**DESCRIPTION OF THE TASK**
In the data below, one line contains "撤销出库的功能 说明: 只有Boss用户可以撤销出库操作。" and a later one contains "The image depicts". Print both, with every line between them, exactly and alone.

**EXERCISE DATA**
######

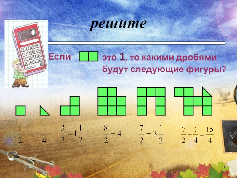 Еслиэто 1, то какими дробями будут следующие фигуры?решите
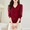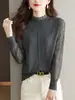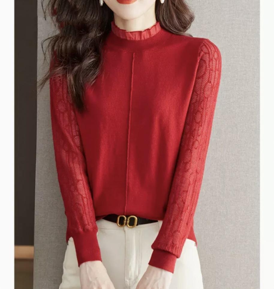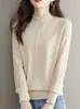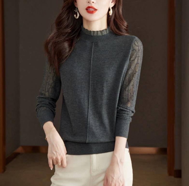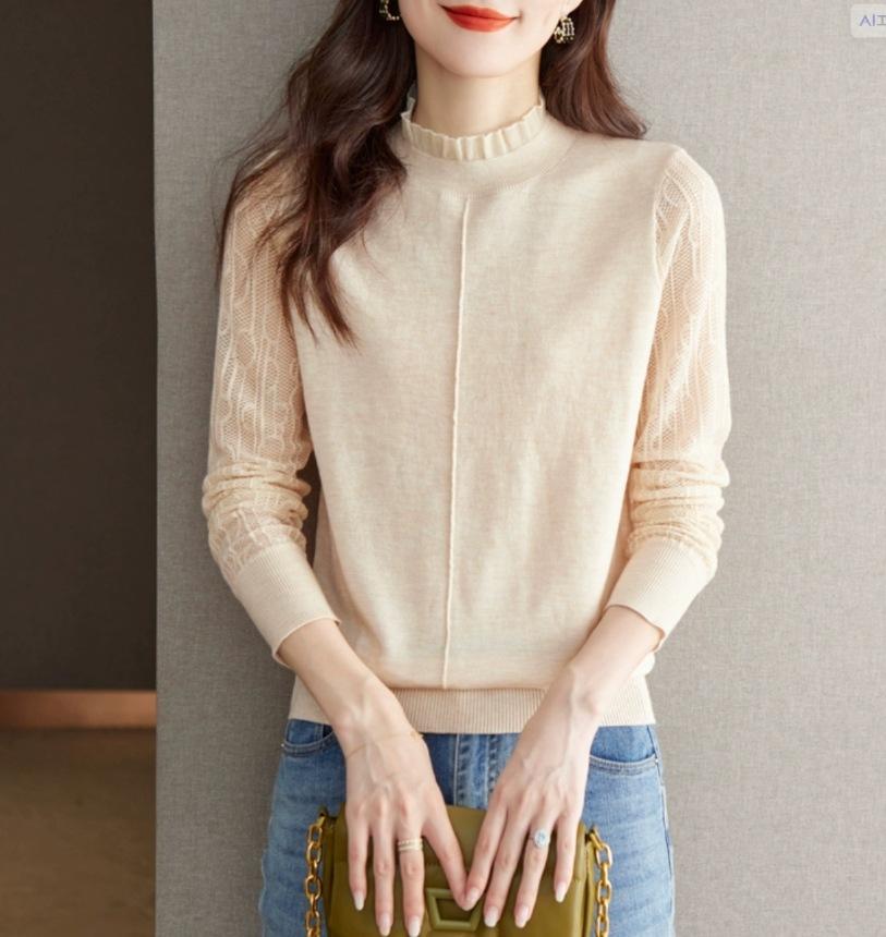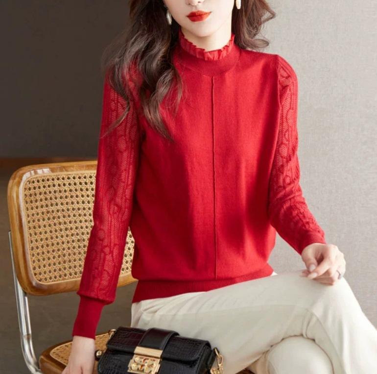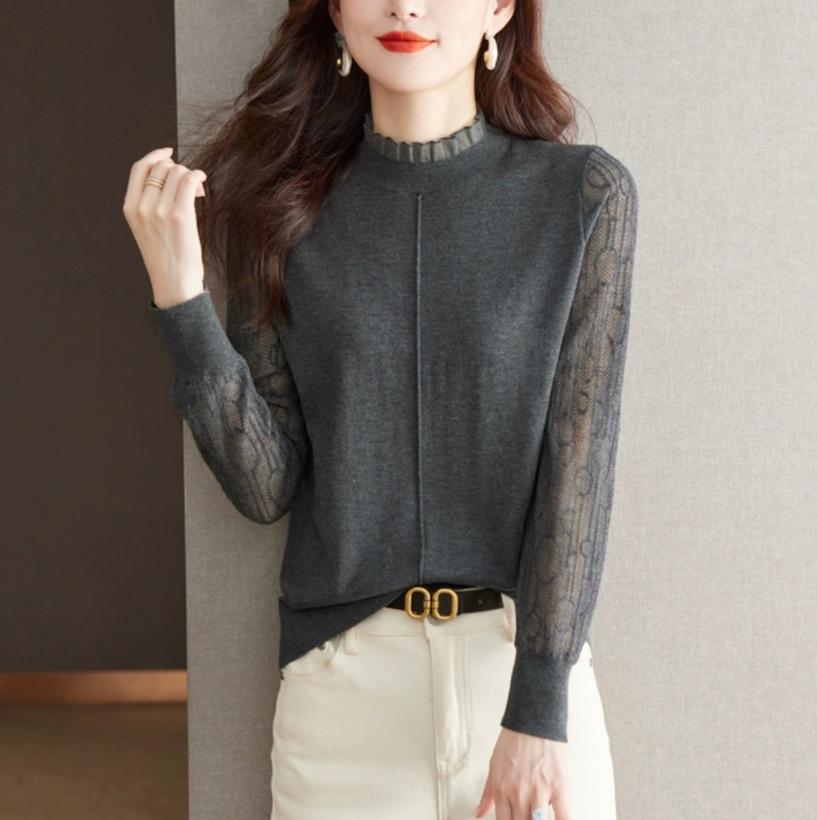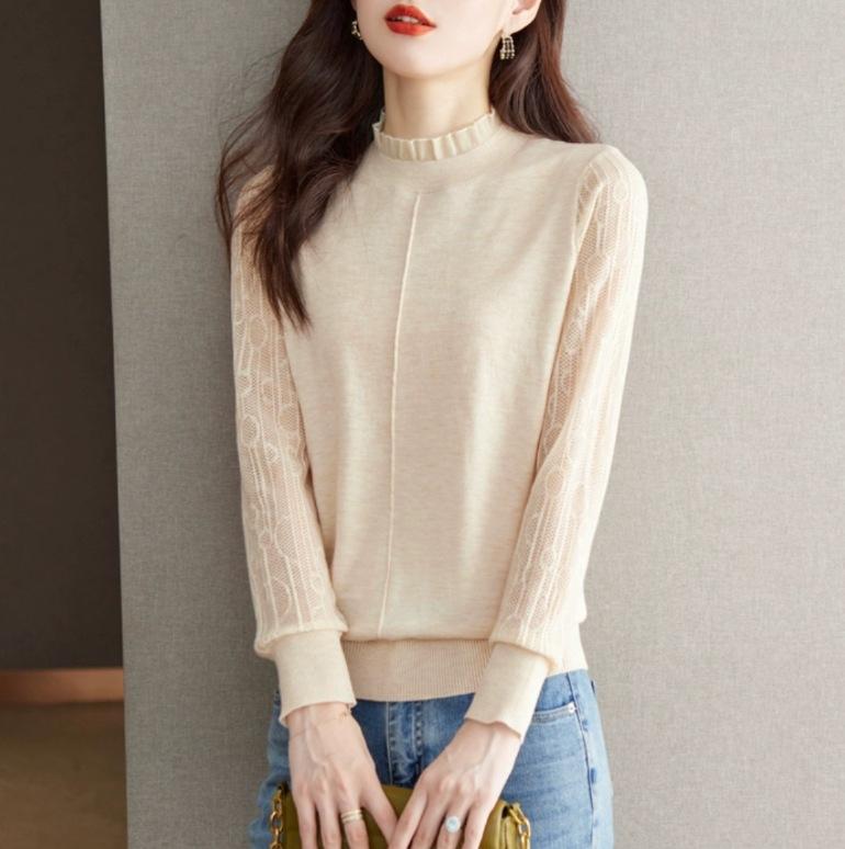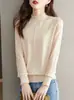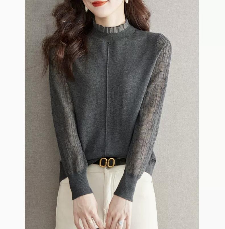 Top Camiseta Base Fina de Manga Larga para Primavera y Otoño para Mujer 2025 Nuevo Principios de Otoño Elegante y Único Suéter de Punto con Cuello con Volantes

######

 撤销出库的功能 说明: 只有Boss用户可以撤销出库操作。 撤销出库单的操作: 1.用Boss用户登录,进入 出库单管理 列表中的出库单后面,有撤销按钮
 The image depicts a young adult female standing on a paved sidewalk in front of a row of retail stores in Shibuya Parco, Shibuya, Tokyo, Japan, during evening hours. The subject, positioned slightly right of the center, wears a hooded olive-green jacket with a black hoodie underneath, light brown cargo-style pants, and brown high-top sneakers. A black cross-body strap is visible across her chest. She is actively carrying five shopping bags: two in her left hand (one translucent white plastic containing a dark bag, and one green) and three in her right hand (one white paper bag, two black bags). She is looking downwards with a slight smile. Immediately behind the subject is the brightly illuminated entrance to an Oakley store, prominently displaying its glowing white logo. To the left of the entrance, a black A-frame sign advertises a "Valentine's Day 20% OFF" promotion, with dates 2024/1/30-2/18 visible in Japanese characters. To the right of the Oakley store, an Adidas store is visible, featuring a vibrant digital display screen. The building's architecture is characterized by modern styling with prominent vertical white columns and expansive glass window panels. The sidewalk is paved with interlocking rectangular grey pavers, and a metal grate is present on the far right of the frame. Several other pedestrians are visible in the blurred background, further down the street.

######

**ANSWER TO THE EXERCISE**
 撤销出库的功能 说明: 只有Boss用户可以撤销出库操作。 撤销出库单的操作: 1.用Boss用户登录,进入 出库单管理 列表中的出库单后面,有撤销按钮
 The image depicts a young adult female standing on a paved sidewalk in front of a row of retail stores in Shibuya Parco, Shibuya, Tokyo, Japan, during evening hours. The subject, positioned slightly right of the center, wears a hooded olive-green jacket with a black hoodie underneath, light brown cargo-style pants, and brown high-top sneakers. A black cross-body strap is visible across her chest. She is actively carrying five shopping bags: two in her left hand (one translucent white plastic containing a dark bag, and one green) and three in her right hand (one white paper bag, two black bags). She is looking downwards with a slight smile. Immediately behind the subject is the brightly illuminated entrance to an Oakley store, prominently displaying its glowing white logo. To the left of the entrance, a black A-frame sign advertises a "Valentine's Day 20% OFF" promotion, with dates 2024/1/30-2/18 visible in Japanese characters. To the right of the Oakley store, an Adidas store is visible, featuring a vibrant digital display screen. The building's architecture is characterized by modern styling with prominent vertical white columns and expansive glass window panels. The sidewalk is paved with interlocking rectangular grey pavers, and a metal grate is present on the far right of the frame. Several other pedestrians are visible in the blurred background, further down the street.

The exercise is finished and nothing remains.